**Exercise prompt**
Transcribe the listing word for word, beginning at its first line and ending at the line containing "オイル交換時、本品とオイルをよく混ぜ合わせてから 車両にオイルを注入してください。 |"; omit the pictures.

Dataset excerpt section start

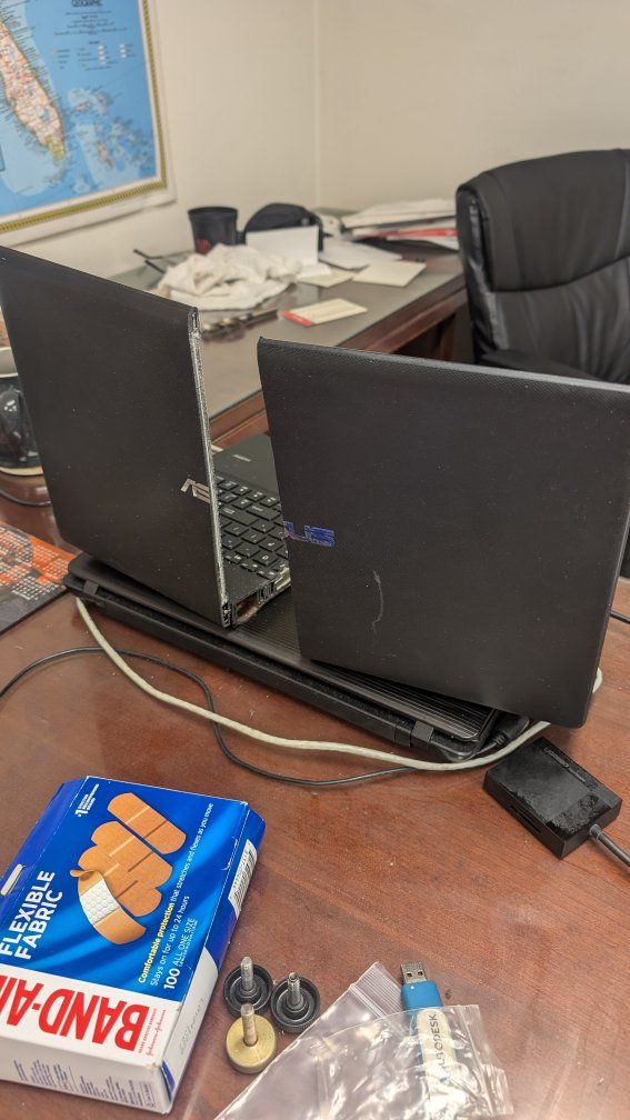The laptops cut in half quite nicely, and would be perfect for an April fools day prank.
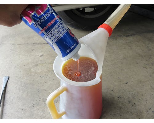 本品を直接オイルタンク等に注入しないで下さい。 オイル交換時、本品とオイルをよく混ぜ合わせてから 車両にオイルを注入してください。 |
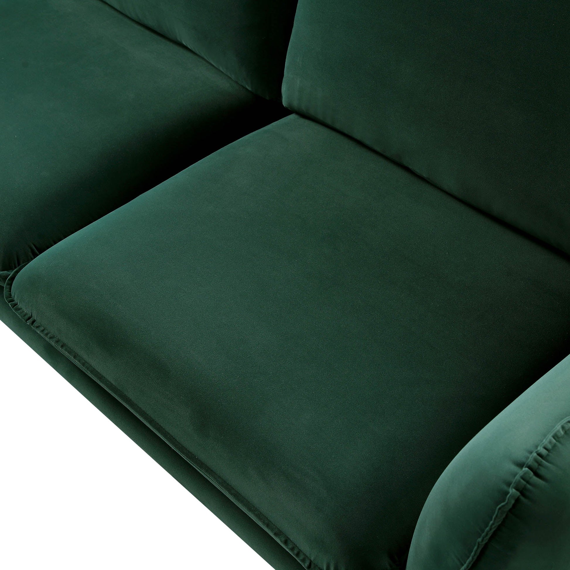 - Complétez le look : sur la photo avec notre canapé d'angle Obriel Forest Green Velvet Grande, vous trouverez notre tapis en laine à pompons aigue-marine tissé à la main Avanti
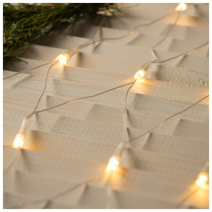 Гирлянда «Сеть» 1.6 × 1.6 м, IP20, прозрачная нить, 144 LED, свечение тёплое белое, 8 режимов, 220 В

Dataset excerpt section end

**Answer to this task**
The laptops cut in half quite nicely, and would be perfect for an April fools day prank.
 本品を直接オイルタンク等に注入しないで下さい。 オイル交換時、本品とオイルをよく混ぜ合わせてから 車両にオイルを注入してください。 |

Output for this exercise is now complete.